Admittedly, given this was Christie's first AI artwork to go under the hammer in its 252-year history, we could forgive the auctioneers for not knowing its true worth.
The painting was produced by a piece of artificial intelligence which was taught about art by being shown 15,000 portraits from the 14th to 20th centuries.
Christie's described the artwork: "The portrait in its gilt frame depicts a portly gentlemen, possibly French and - to judge by his dark frock coat and plain white collar - a man of the church. The work appears unfinished: the facial features are somewhat indistinct and there are black area of canvas...A label on the wall states that the sitter is a man named Edmond Belamy".

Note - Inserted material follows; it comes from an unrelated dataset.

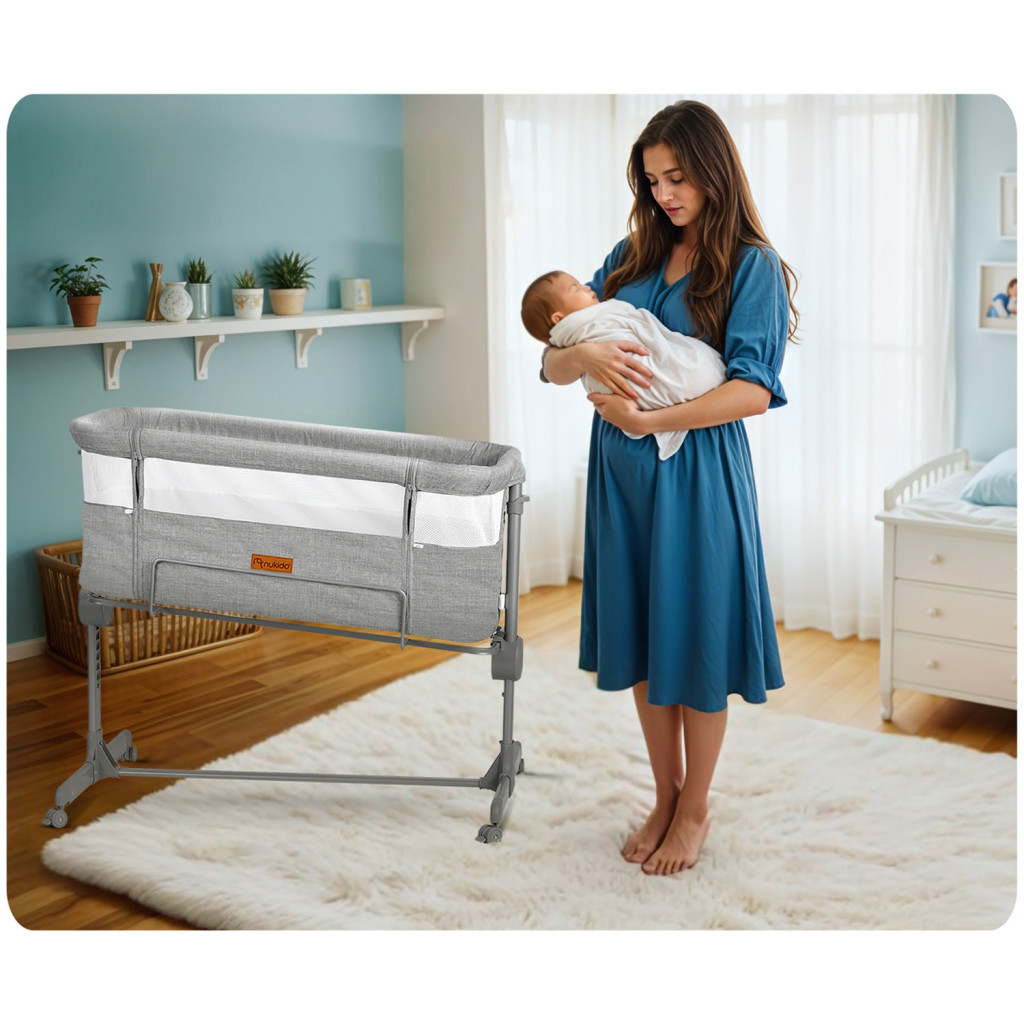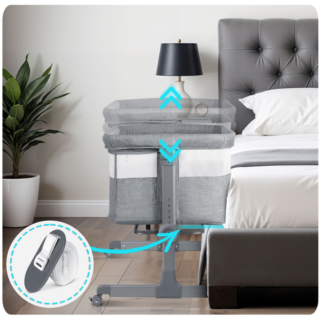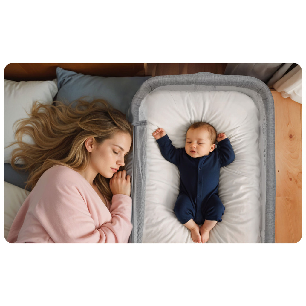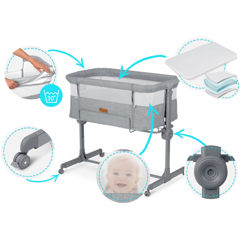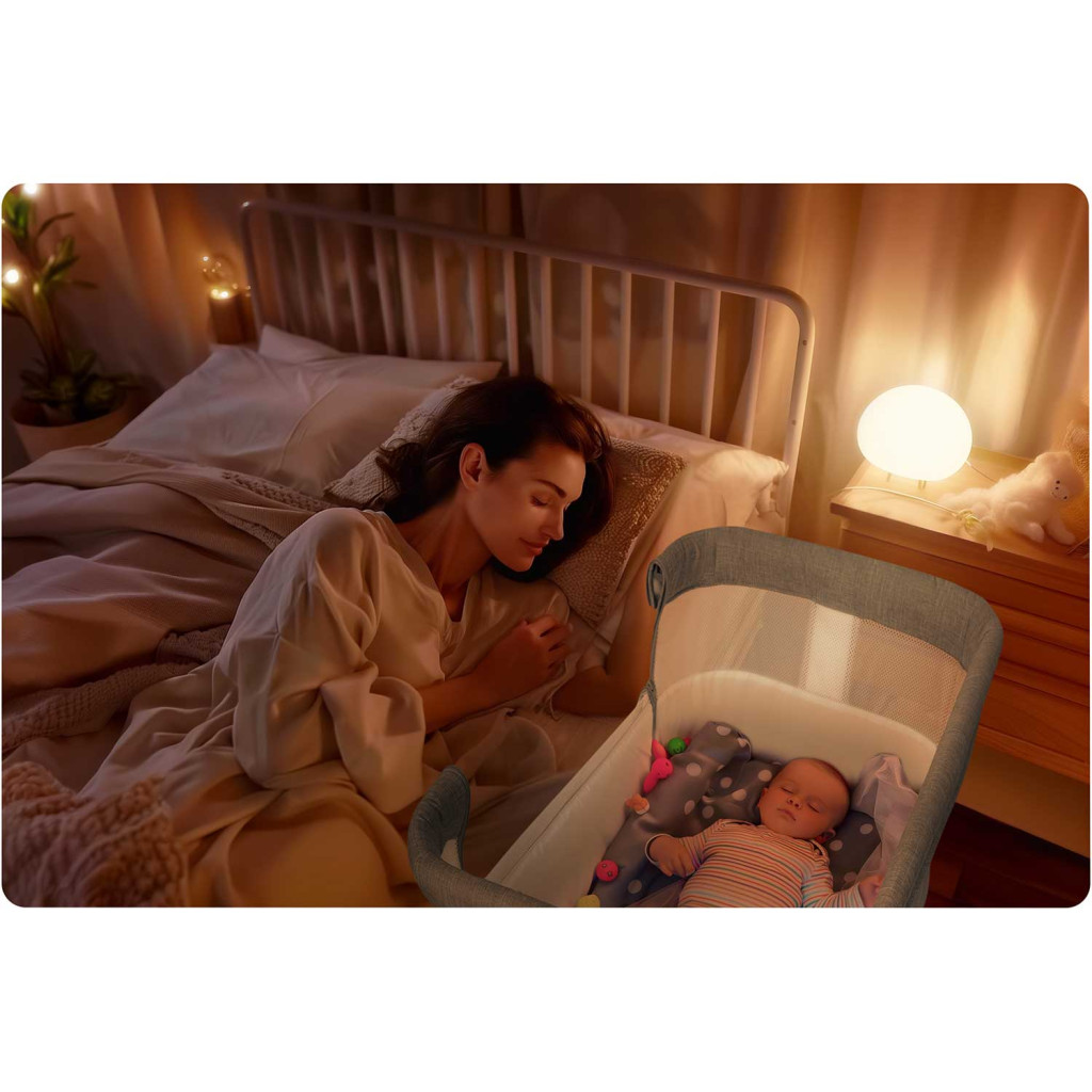 Éld meg a biztonságos közelség nyugalmát a NK-243 ágy mellé tehető babaággyal! A szürke textil elegáns, semleges kiegészítője minden hálószobának, miközben a 7 fokozatú, független magasságállítás könnyedén a szülői ágyhoz igazítható. A cipzárral nyitható oldalfal pillanatok alatt átjárhatóvá teszi a kiságyat, a légáteresztő háló pedig friss levegőt biztosít. Összecsukható, mindössze 8,8 kg, így könnyen áthelyezhető a fékezhető kerekeken.

The picture is one of a group of portraits of the fictional Belamy family, created by a Paris-based collective called Obvious, made up of three French 25-year-olds.
There are two parts to the AI. The first is called the Generator, which is taught what portraits look like by being shown 15,000 of them. It then creates the painting. Next, the second part, called the Discriminator, is used to work out if it thinks the painting was made by a computer or a human. If the AI is able to trick itself - to convince the Discriminator that the Generator's work is that of a human - then it passes the test.
Christie's specialist Richard Lloyd said of the artwork's authenticity: "It is a portrait, after all. It may not have been painted by a man in a powdered wig, but it is exactly the kind of artwork we have been selling for 250 years.
"AI is just one of several technologies that will have an impact on the art market of the future - although it is far too early to predict what those changes might be. It will be exciting to see how this revolution plays out."